Mark V. on April 16, 2007 at 9:30 PM
I think it’s the natural entropy of humans to gravitate to a class system. Rather than an economic system, as they have in India, or a religious system, as with the Holy Roman Empire, we now have in the USA a class system of intellect. There’s the informed, successful class, the class that’s too busy with day-to-day living and playing to keep well informed, and the trash class, which also seems to be the criminal and poor class. I can only guess at the percentages of the population for each class, but the trash class doesn’t seem to care much about their lot in life, as long as they have beer, drugs, cigarettes, and someone to
screwbe intimate with. They also don’t care where the money to do these things come from, whether they get government assistance, beg, steal, burglarize.From what I’ve observed, the trash class may account for as much as half our population.
stonemeister on April 16, 2007 at 10:41 PM
the trash class doesn’t seem to care much about their lot in life, as long as they have beer, drugs, cigarettes, and someone to screw be intimate with. They also don’t care where the money to do these things come from, whether they get government assistance, beg, steal, burglarize.
From what I’ve observed, the trash class may account for as much as half our population.

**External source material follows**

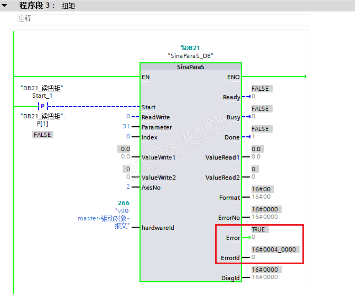 1、1500 使用 105 报文,开启 DSC,工艺对象带 V90 PN伺服。使用 SinaParaS 读取扭矩时报错 16#0004_0000(在激活的数据传输中通过重置Strat输入至“0”来取消作业“ )

stonemeister on April 16, 2007 at 10:41 PM
What you’ve “observed”, eh? You need to work on those Powers,/ stonemeister. Half of Americans are “trash”?
That sounds a lot like the snotty-snobby elitist rantings at KOS. What you and they overlook is that most people in any modern society are decent people who although not well- informed about World Events are nonetheless aware of and concerned about their families and friends and co-workers
They are not in control of their own lives, and don’t feel comfartable dabbling in examining the Workings of Power in D.C. or Geneva or anywhere else. Too many of them are spending too much time in an increasingly available escapism, but it is hard to fault them for that
In the New Age of cell phones and internet and laptops, it is easier to be Informed and paradoxically easier to be Ignorant. And yes, liberal rule and Democrat desk-jockeys
are making people stupider–people in general and kids in particular
Janos Hunyadi on April 17, 2007 at 3:08 AM
…and ironically, education.
Talk to your parents/granparents. All that’s been said for decades is that the American educational system is headed downhill fast. At the same time, math and science are being taught at a level that wasn’t even dreamed of several decades ago. Ask your parents/grandparents if calculus, physics, chemistry etc. were even an option when they went to school. And computer science… what’s that? Even elementary music classes have greatly changed from when we just sat in class and sang songs.
I don’t buy that kids are dumber -it doesn’t fit with my personal observations (the dumb have always been with us). I would offer an alternative explanation -the breadth of knowledge has expanded at an amazing rate. Our ability to learn and retain has not. That means compared to the “body of knowledge” any individual “knows” a shrinking percentage. That’s what we see in these polls. Yes, its sad so many don’t know who the vice president is, but those kids may have extensive knowledge in another field that far surpasses anything their contemporaries from a generation ago achieved.